The penguins there will sing and dance:
“GrrlScientist has won the chance!”
To friends up North, you’ll say good-byes,
And blog for us, and be our eyes.

To everybody else:

I know that as small fish go, I am a very very very small little tiny little cuttlefish in a global virtual pond. I struggle to maintain just over a hundred readers per day, with occasional spikes a bit higher. Rarely, one of my readers will do something, and I will suddenly get over a thousand readers, and once double that! So, yeah, I am a small fish.

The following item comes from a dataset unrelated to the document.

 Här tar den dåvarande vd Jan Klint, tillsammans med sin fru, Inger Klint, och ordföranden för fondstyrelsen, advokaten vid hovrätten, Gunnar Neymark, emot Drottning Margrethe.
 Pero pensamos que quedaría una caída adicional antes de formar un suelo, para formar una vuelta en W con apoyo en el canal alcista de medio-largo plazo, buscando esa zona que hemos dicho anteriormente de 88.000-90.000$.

So I need your help. Whatever it is that you do to share one of my posts that you like, please do it for this one. Post it on whatever blogs, forums, newsgroups, tin cans with string, semaphore chains, electronic telegraph machines or smoke signals you have, and get lots of eyes over to GrrlScientist’s blog, or (if you trust me) directly to her entry, to vote. (Yeah, she’s Devorah; no, I’ve never met anyone with that name before, either.) You may, within the rules, vote from two different email accounts if you have them; voting does require registration, but it is simple, and a worthy cause.

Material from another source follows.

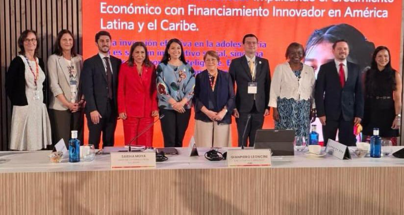 Mayra Jiménez, también participó en el panel “Invertir en adolescentes: desbloqueando el crecimiento económico a través de financiamiento innovador en América Latina y el Caribe”, en el que reafirmó el compromiso de la República Dominicana con el desarrollo integral de las adolescentes y la erradicación del embarazo en la adolescencia.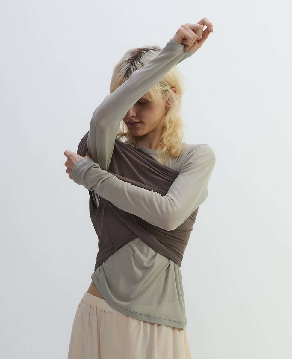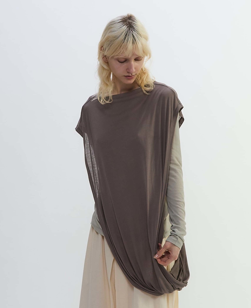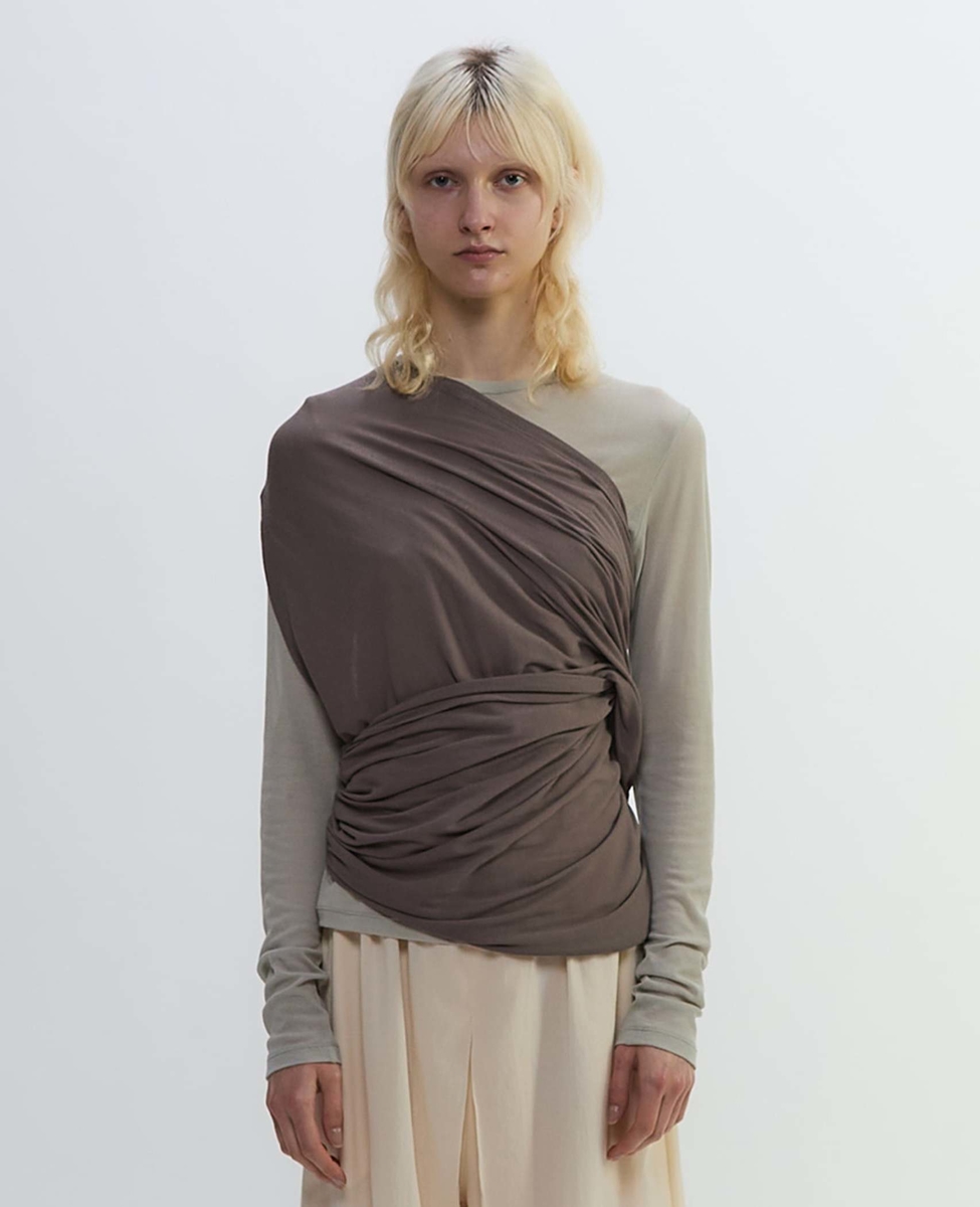 シア―ハイツイストフライスショール型レイヤードTシャツ

That worthy cause is self-interest. See, Quark is sending someone, as my little verse says, to be our eyes and ears, to be our proxy in Antarctica. This is not something for just anyone. Odds are, if you are reading this, you already know that there are better and worse bloggers, better and worse writers (the two are not synonymous), and it makes a difference who you send to observe and report for you. For me, what clinched it for GrrlScientist was her photo series on the mosaics of the NYC subway system. I want someone who does not just passively take in the sights, sounds, and smells, but who actively looks for the beauty (or the beast) in even the overlooked corners. After all, she will be a guest there, and we will be guests there through her; to us, even the things the long-timers have long ago taken for granted, are new and strange, and I (quite selfishly) want someone there who sees the world the way GrrlScientist does.

Anyway… go vote, and please go spread the word in the other places you haunt. There are about 2 weeks left in voting, and she could use your help. And you could use her talent.